The Play (Briar U, #3)(98)
Hunter is silent for a long time. He absently strokes my shoulder. When he finally speaks, his voice is rough. “If I tell you, do you promise not to make fun of me? Or judge me?”
I almost laugh until I realize he’s serious. So I put on my best neutral tone. “I promise I won’t make fun of you. And I’d never judge you, Hunter.”
“Okay.” His chest rises as he draws a breath. “I’m afraid I’ll cheat,” he confesses.
“Cheat? Like in the game?”
“No, the other kind of cheating.” He exhales in a slow stream of air. “All those road games, all those hotel rooms and hotel bars, all those women throwing themselves at me. I know I don’t have a sex addiction, but I’ve got my father’s genes and they don’t exactly have the greatest track record.”
“Your father’s a narcissist. You’re not.” I plant a reassuring kiss on his shoulder. “You’re nothing like him, baby.”
“He’d disagree with you on that. A few years ago he told me we’re two of a kind.”
My eyes narrow. “Why on earth would he say that?”

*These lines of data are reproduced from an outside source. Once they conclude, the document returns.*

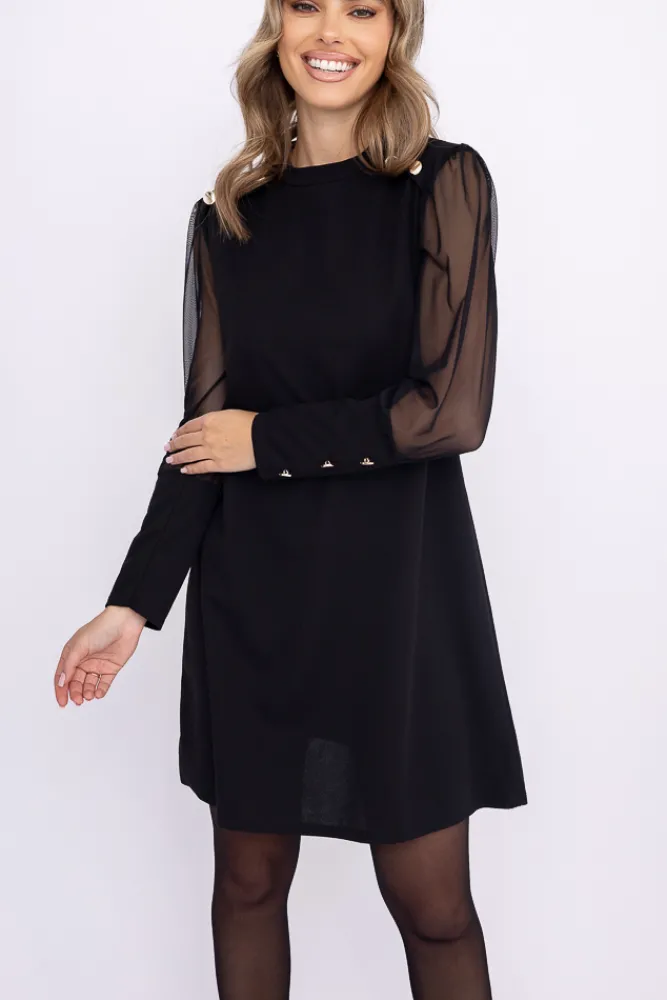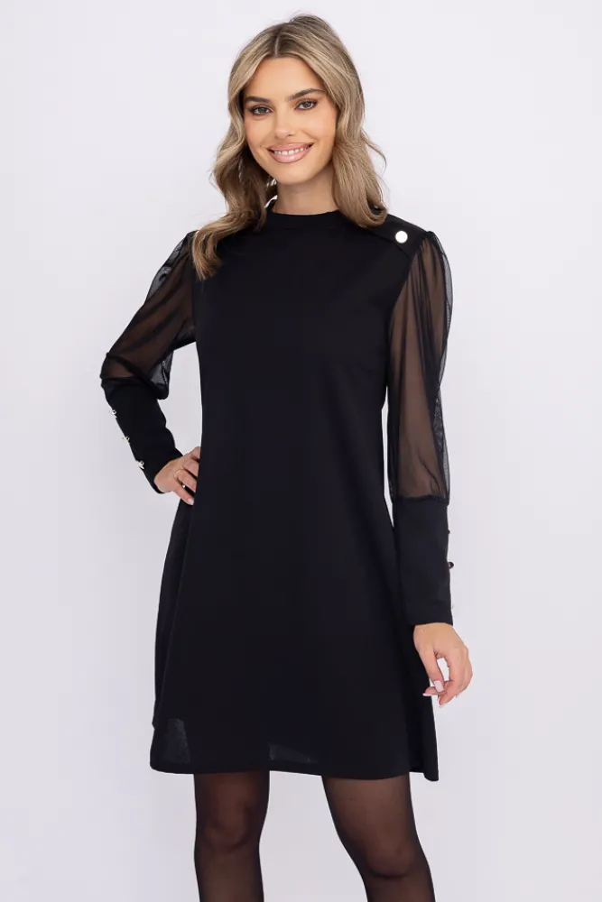 Włoski Czarna Sukienka z prześwitującymi rękawami ARTIGA
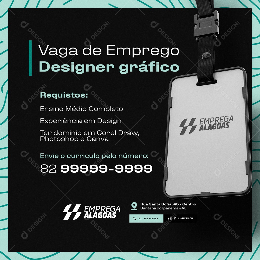 Vaga de Emprego Designer Gráfico Social Media PSD Editável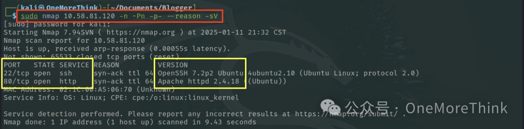 对靶机进行全端口扫描、服务扫描、版本扫描,发现22/SSH、80/HTTP。

Hunter sighs sheepishly. “The summer before college, he caught me fucking a chick on our kitchen counter. Mom was visiting my grandparents that weekend, and Dad was supposed to be away on business, but he came home early.” An edge hardens his tone. “You should’ve seen how proud he looked to find me buck-naked and going to town on a girl I wasn’t even dating. I met her at a party the night before and she stayed over.”

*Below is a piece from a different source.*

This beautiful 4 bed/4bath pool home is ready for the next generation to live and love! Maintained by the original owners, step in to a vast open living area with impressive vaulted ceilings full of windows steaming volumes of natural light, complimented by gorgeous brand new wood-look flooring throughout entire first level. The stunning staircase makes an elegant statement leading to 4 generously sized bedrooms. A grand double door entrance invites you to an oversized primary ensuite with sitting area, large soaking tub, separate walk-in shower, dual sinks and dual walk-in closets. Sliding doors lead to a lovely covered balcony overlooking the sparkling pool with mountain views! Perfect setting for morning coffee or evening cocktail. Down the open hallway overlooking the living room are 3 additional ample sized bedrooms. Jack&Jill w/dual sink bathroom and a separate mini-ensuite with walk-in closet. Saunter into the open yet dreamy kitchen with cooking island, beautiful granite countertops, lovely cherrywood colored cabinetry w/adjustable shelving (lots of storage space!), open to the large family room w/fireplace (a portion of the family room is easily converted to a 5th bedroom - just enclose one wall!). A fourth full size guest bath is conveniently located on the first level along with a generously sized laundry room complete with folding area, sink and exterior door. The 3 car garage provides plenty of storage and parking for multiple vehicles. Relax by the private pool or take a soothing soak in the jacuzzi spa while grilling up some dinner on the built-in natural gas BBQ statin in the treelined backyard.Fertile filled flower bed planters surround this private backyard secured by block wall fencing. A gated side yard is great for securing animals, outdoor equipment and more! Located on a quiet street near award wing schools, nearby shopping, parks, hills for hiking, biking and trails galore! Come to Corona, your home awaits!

I try to imagine what my own father would do if he walked in on me having sex with someone in our kitchen. Commit a double homicide, obviously.

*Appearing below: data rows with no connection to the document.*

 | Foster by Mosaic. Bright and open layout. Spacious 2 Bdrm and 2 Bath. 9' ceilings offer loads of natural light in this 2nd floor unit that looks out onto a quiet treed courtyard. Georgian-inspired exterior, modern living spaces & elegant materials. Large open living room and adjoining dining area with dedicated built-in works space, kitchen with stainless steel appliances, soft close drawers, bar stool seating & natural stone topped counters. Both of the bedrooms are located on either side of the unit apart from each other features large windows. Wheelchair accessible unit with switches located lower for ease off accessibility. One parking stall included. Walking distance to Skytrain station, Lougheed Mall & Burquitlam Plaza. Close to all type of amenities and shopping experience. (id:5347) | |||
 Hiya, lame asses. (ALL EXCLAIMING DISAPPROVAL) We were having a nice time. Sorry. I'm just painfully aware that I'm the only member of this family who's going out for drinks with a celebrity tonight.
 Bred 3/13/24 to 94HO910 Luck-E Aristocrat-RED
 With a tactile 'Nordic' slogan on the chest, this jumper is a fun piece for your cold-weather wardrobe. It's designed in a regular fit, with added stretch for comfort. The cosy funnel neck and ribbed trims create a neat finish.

“He was genuinely proud to think his son was a depraved cad. But I guess that’s not much of a surprise. I know Dad slept with at least three of his assistants—one I witnessed firsthand. And I just…I think about all the business trips he took over the years. I bet he had a woman in every city. I’m sure there were more affairs than Mom and I could even imagine.”
“And you’re worried you’ll have a girlfriend or wife, and you’ll be away a lot and cheat?”
“Pretty much.”
“So you’re punishing yourself for something you haven’t even done.”
His bare chest tenses. “That’s not it.”
“That’s exactly it. You’re preemptively punishing yourself—depriving yourself of something you love, for fear you might do something you hate, some vague point down the line. That’s not a healthy way to look at things.”
“No. I mean, maybe? Maybe that’s it, or maybe it isn’t. All I know is that when I decided not to enter the draft after high school, I felt relieved.”
“And yet every time I see you watching Garrett and Logan play, there’s envy in your eyes.”
Hunter’s ragged breath tickles my head. His chest rises and falls again. “Let’s put this on the shelf for now. It’s hurting my brain. Tell me about your holidays.”
“I already did—we texted every day,” I remind him.
“I know, but I like your voice and I want to hear you talk.”
I smile against left pec, then offer a more detailed recap of my visit to Miami. I tell him about my new nephew, about my crazy aunts and my excitable cousins. Being a very Catholic community, Christmas is very much celebrated in Miami, and one of my family’s favorite traditions is a visit to Santa’s Enchanted Forest. I took my younger cousins there, and five-year-old Maria peed on one of the rides. While sitting in my lap. Fun times.
“Do you speak Spanish?” Hunter asks curiously. “I just realized I don’t even know if you do.”
“I understand it better than I speak it. Dad has a terrible ear for languages, so he only speaks English at home. Mom used to speak both to me because she didn’t want me to lose the Spanish, but I kinda have,” I say glumly. “Not entirely, though. I mean, I’d be fluent again in a week if I was around people who spoke it exclusively.”
“I’d love to learn another language. You should teach me Spanish, and then we could practice together.”
“Deal.” I snuggle up closer to him. “Oh, and on the flight home, I tried bringing up the med school thing to my dad again. Mom is staying in Miami for another week, so it was just me and him. But he wasn’t having it,” I admit.
Hunter strokes my hair. “You still having doubts about that?”
“More than doubts.” I inhale slowly. “I don’t want to go.”
It’s the first time I’ve ever said that out loud.
“Then don’t,” Hunter says simply. “You shouldn’t go to med school for your father—you should go for yourself. You need to walk your own path, and that means following your own dreams, not his. Your first priority should be pleasing yourself, not him.”
A laugh tickles my throat. I try to hold it in, but it ripples out.
“What is it?”
“I just realized what a sad pair we are.” I can’t stop giggling. “Here I am sacrificing my aspirations to be like my father, and you’re sacrificing your aspirations to not be like your father. That is fascinating.”
“Jesus. You’re such a psychologist. Is this what it’s always going to be like? Lying in bed naked while you psychoanalyze us?”